Year 727 (DCCXXVII) was a common year starting on Wednesday of the Julian calendar. The denomination 727 for this year has been used since the early medieval period, when the Anno Domini calendar era became the prevalent method in Europe for naming years.

== Events ==

=== By place ===
==== Byzantine Empire ====
- A revolt breaks out in Greece against the religious policies of Emperor Leo III (see 726). A rebel fleet under Agallianos Kontoskeles sets out for Constantinople with Kosmas, an anti-emperor, but is destroyed by the Byzantine fleet through the use of Greek fire.
- Siege of Nicaea: Muslim forces under Mu'awiya ibn Hisham (son of Umayyad caliph Hisham ibn Abd al-Malik) penetrate deep into Asia Minor, and sack the fortress city of Gangra, but unsuccessfully lay siege to Nicaea (northwestern Anatolia).

==== Europe ====
- A revolt breaks out in Italy against Leo's Iconoclasm; this results in the independence of the Exarchate of Ravenna, after part of a Byzantine invasion force is lost in a storm in the Adriatic Sea, and the remainder of Byzantine troops are repulsed.
- King Liutprand takes advantage of the anti-imperial turmoil.
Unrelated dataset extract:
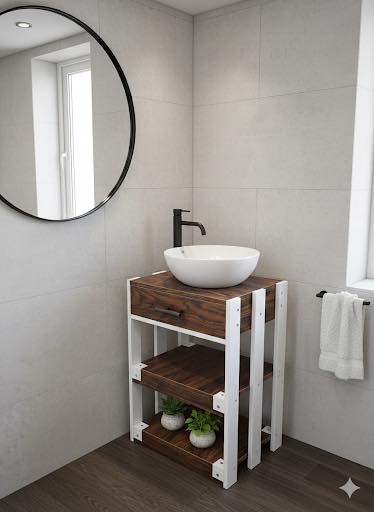 Gabinete MDF Branco e Freijó para cuba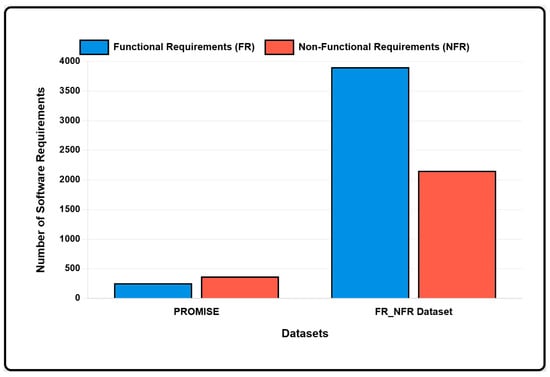 The PURE (Public REquirements) dataset consists of 79 publicly available natural language requirements documents collected from various online sources. It includes a total of 34,268 sentences and supports a range of natural language processing tasks relevant to requirements engineering, such as model synthesis, abstraction detection, and document structure analysis []. Ref. [] extracted and processed requirements from the PURE repository and additional open-source software documentation to create the FR_NFR dataset. This refined dataset contains 6117 requirements, of which 3964 are functional and 2153 are non-functional.

He conquers Bologna and other cities beyond the Po River (Northern Italy). The Lombards take "Classis", the strategic seaport of Ravenna, and overrun the Pentapolis.

==== Egypt ====
- Egyptian military commander Abd al-Malik ibn Rifa'a al-Fahmi is appointed for a second term as the governor of Egypt for the Umayyad Caliphate.

==== Asia ====
- Arab–Khazar War: The Khazars drive back the Muslim invasion, led by Maslama ibn Abd al-Malik, into Mesopotamia. Reinforced with Syrian troops, Maslama counterattacks and takes Georgia, establishing the northern frontier on the Caucasus.

==== Central America ====
- January 6 - Ucha'an K'in B'alam becomes the new ruler of the Mayan city state at Dos Pilas in Guatemala after the death of Itzamnaaj K'awiil and reigns until 741.

=== By topic ===
==== Religion ====
- July - Pope Gregory II condemns iconoclasm at Rome, causing Italy to break with the Byzantine Empire. He becomes the virtual temporal ruler of most Byzantine possessions.

== Births ==
- Abu Muslim Khorasani, Muslim general (latest estimated date; d. 755)
- January 9 - Dai Zong, emperor of the Tang Dynasty (d. 779)
- Fujiwara no Tsuginawa, Japanese statesman (d. 796)
- Liu Peng, general of the Tang Dynasty (d. 785)
- Sakanoue no Karitamaro, Japanese general (d. 786)
- Yang Yan, chancellor of the Tang Dynasty (d. 781)

== Deaths ==
- April 18 - Agallianos Kontoskeles, Byzantine commander and rebel leader
- May 30 - Hubertus, bishop of Liège
- October 19 - Frithuswith or Frideswide, Anglo-Saxon princess and abbess
- Murchad mac Brain Mut, king of Leinster (Ireland)
- Paul, exarch of Ravenna
- Yi Xing, Chinese astronomer and mechanical engineer (b. 683)

==Sources==
- Kennedy, Hugh (1998). "Cambridge History of Egypt, Volume One: Islamic Egypt, 640–1517"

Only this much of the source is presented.